-------- Information

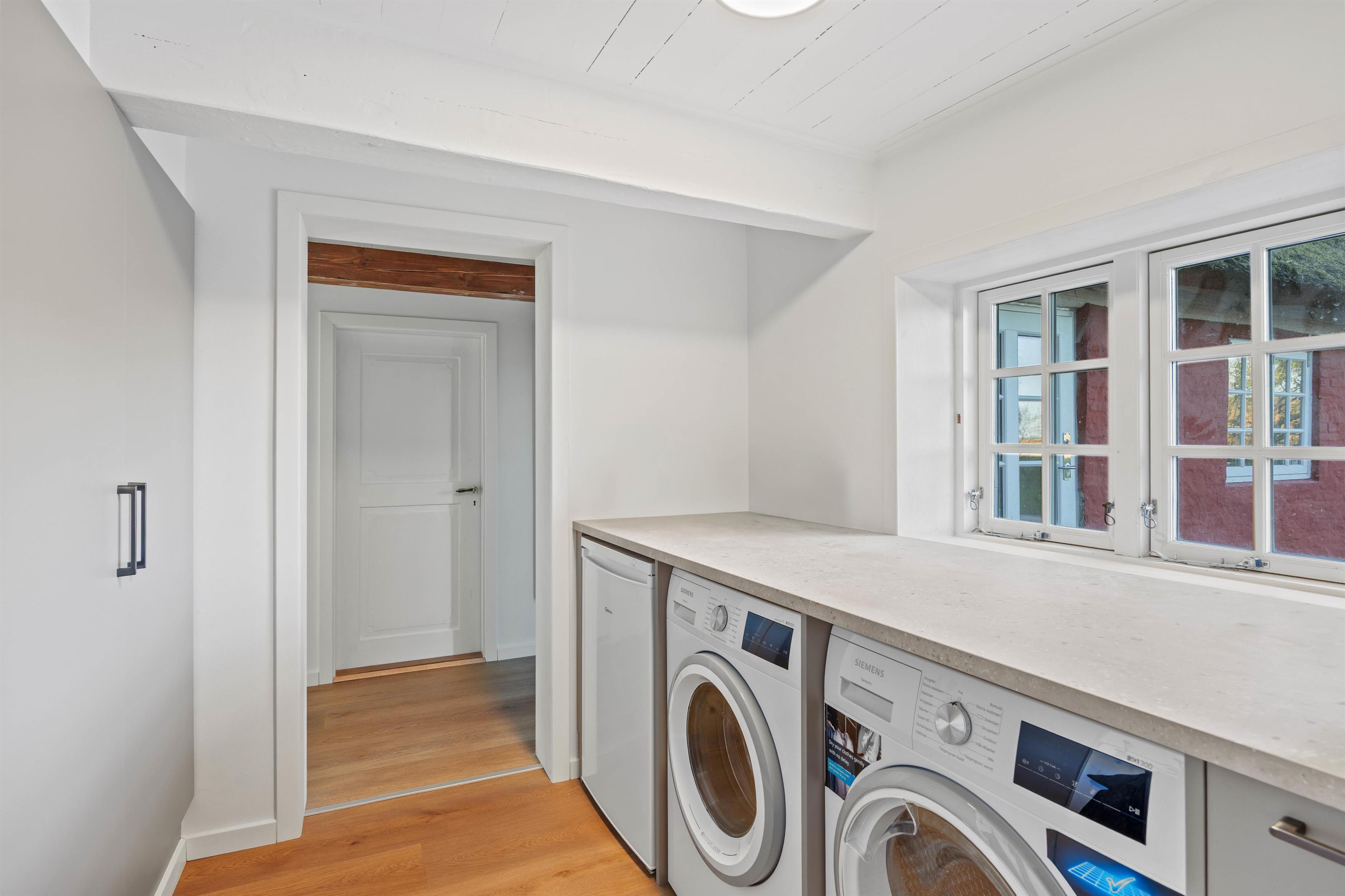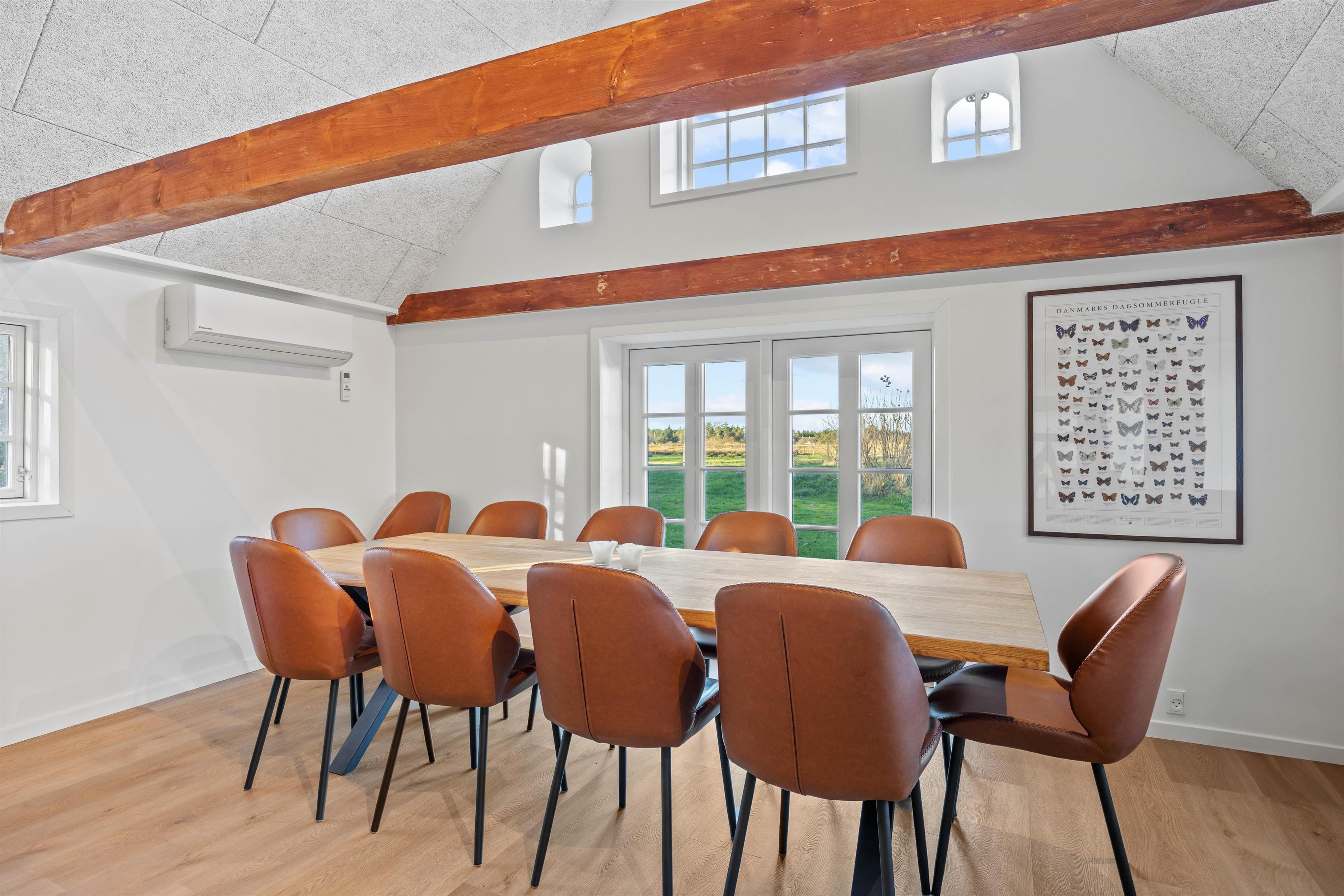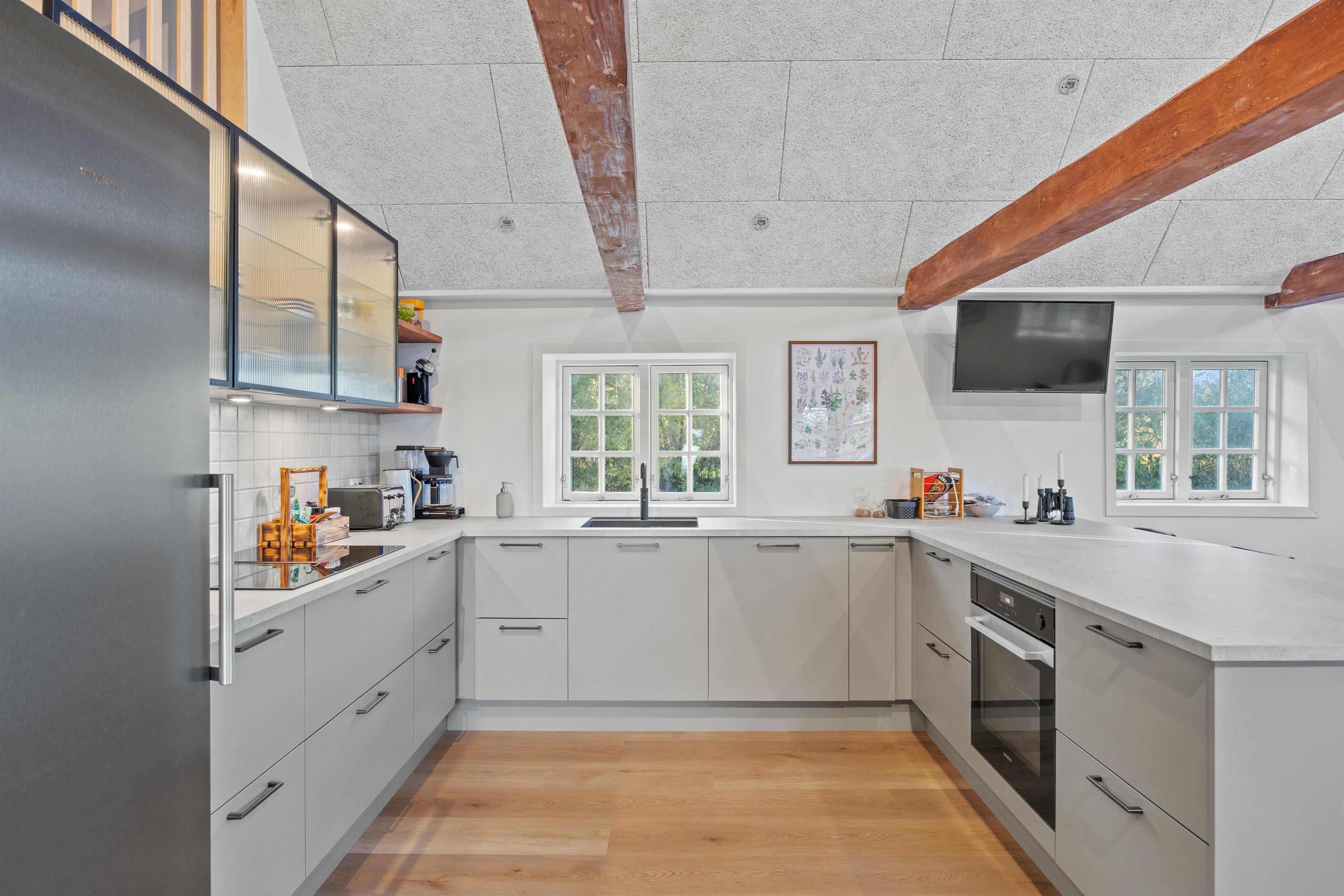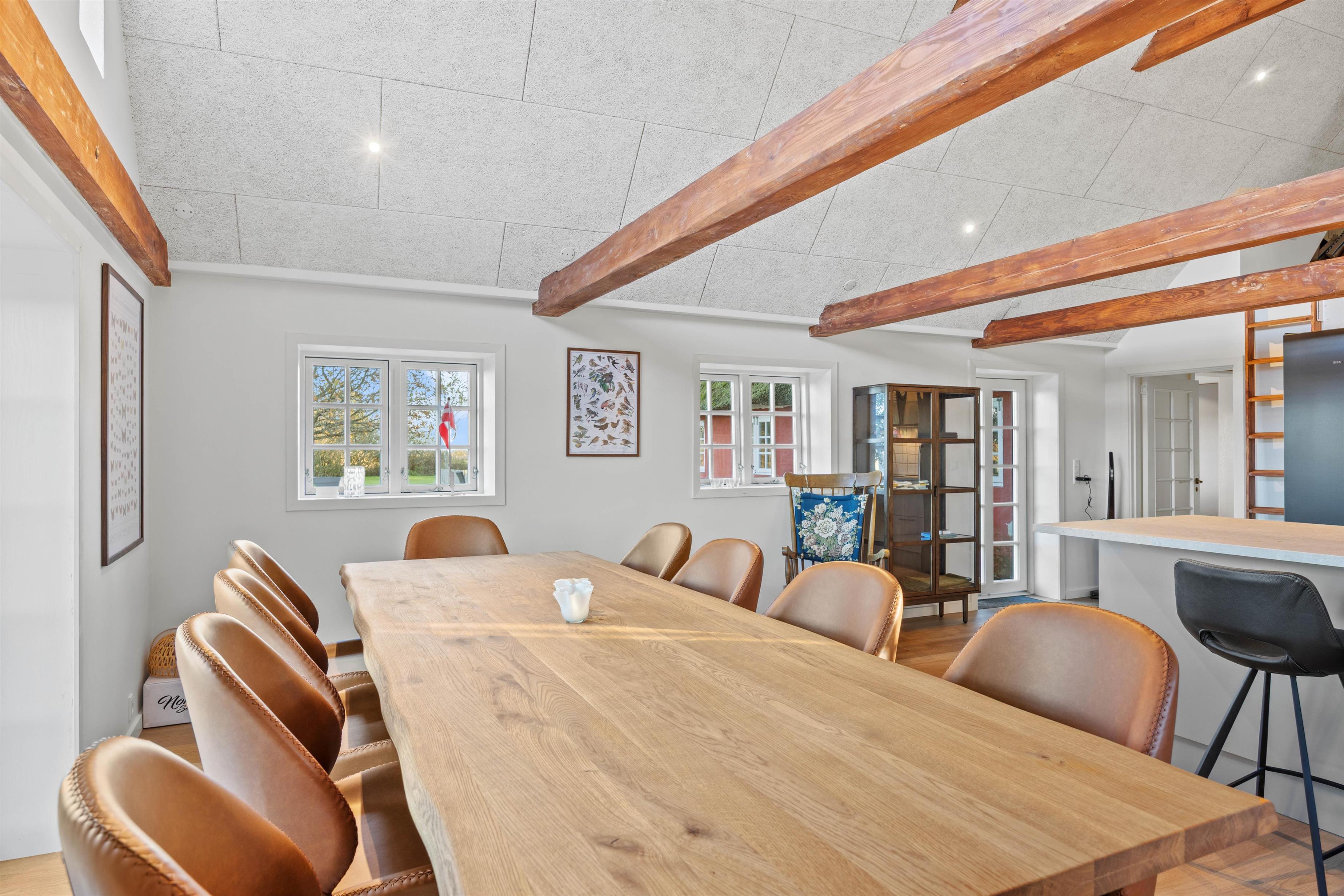 I stuen er der plads til, at hele familien kan samles. Flyd ud på sofaen til en god film, spil et brætspil eller læs en god bog i lænestolen eller noget helt tredje – mulighederne er mange. Praktisk er her også en energibesparende varmepumpe, som sikrer et behageligt indeklima. I modsatte ende af huset, finder i køkken, spiseafdelingen og en stige, der fører op til hemsen. Et dejligt rum med højt til loftet, et lækkert samtalekøkken og et langbord, hvor den gode mad skal nydes. Køkkenet er udstyret med alt, man kunne få brug for – her er en 60L fryser og naturligvis opvaskemaskine. Meget praktisk har feriehuset også vaskemaskine og tørretumbler, så I altid har friske badehåndklæder.
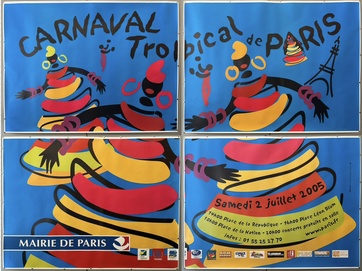 Promotes the Carnaval Tropical de Paris, specifically the event held on Saturday, July 2, 2005
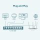 - Этот коммутатор готов к работе сразу после подключения. Автоматическое согласование на портах обеспечивает оптимальную скорость и совместимость с подключёнными устройствами без участия технических специалистов.
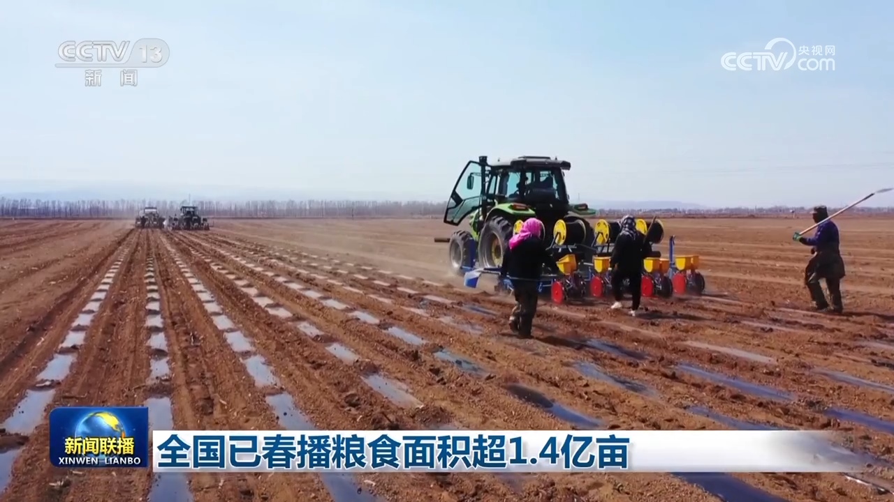 央視網(wǎng)消息(新聞聯(lián)播):農(nóng)業(yè)農(nóng)村部最新農(nóng)情調(diào)度顯示,截至目前,全國已春播糧食面積超1.4億畝,各地多措并舉,高質(zhì)量推進(jìn)春季農(nóng)業(yè)生產(chǎn)。
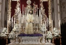 Para una mejor contemplación por parte de los hermanos y devotos, la Virgen...

----------------

## Problem to work on
For this exercise, return the data above exactly and leave every picture out.

## Result of the task
 I stuen er der plads til, at hele familien kan samles. Flyd ud på sofaen til en god film, spil et brætspil eller læs en god bog i lænestolen eller noget helt tredje – mulighederne er mange. Praktisk er her også en energibesparende varmepumpe, som sikrer et behageligt indeklima. I modsatte ende af huset, finder i køkken, spiseafdelingen og en stige, der fører op til hemsen. Et dejligt rum med højt til loftet, et lækkert samtalekøkken og et langbord, hvor den gode mad skal nydes. Køkkenet er udstyret med alt, man kunne få brug for – her er en 60L fryser og naturligvis opvaskemaskine. Meget praktisk har feriehuset også vaskemaskine og tørretumbler, så I altid har friske badehåndklæder.
 Promotes the Carnaval Tropical de Paris, specifically the event held on Saturday, July 2, 2005
 - Этот коммутатор готов к работе сразу после подключения. Автоматическое согласование на портах обеспечивает оптимальную скорость и совместимость с подключёнными устройствами без участия технических специалистов.
 央視網(wǎng)消息(新聞聯(lián)播):農(nóng)業(yè)農(nóng)村部最新農(nóng)情調(diào)度顯示,截至目前,全國已春播糧食面積超1.4億畝,各地多措并舉,高質(zhì)量推進(jìn)春季農(nóng)業(yè)生產(chǎn)。
 Para una mejor contemplación por parte de los hermanos y devotos, la Virgen...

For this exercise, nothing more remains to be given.